Town in the Athens urban area, Greece

Agios Stefanos (Άγιος Στέφανος, meaning Saint Stephen) is a town and a northern suburb of the Athens agglomeration, Greece. Since the 2011 local government reform it is part of the municipality of Dionysos, of which it is the seat and a municipal unit. The municipal unit has an area of 8.136 km^{2}.

==Geography==
Agios Stefanos is situated in the hills in the northeastern part of the Athens conurbation, at about 350 m elevation. It lies east of the Parnitha mountains, northwest of the Penteliko Mountain, and 4 km southwest of the Marathon Reservoir.

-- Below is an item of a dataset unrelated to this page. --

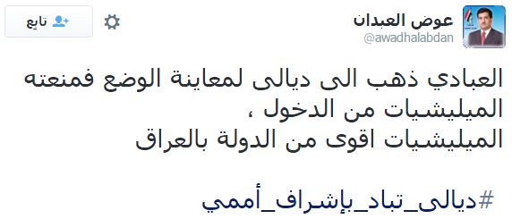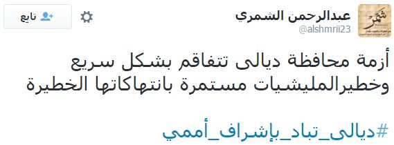 وقال المدون عبدالرحمن الشمري، إن أزمة محافظة ديالى تتفاقم بشكل سريع،

The source of the river Kifisos is near Agios Stefanos. It is 9 km west of Marathon and 21 km northeast of Athens city centre. Its built-up area is continuous with those of the neighbouring suburbs Anoixi and Stamata to the south.

The A1 motorway (Athens–Thessaloniki–Evzonoi) passes west of the town. Agios Stefanos has a railway station on the railway from Athens to Thessaloniki. Athens ERA-1 transmitter, the second tallest man-made structure of Greece, is situated north of Agios Stefanos.

==Historical population==
Agios Stefanos has historically been an Arvanite settlement.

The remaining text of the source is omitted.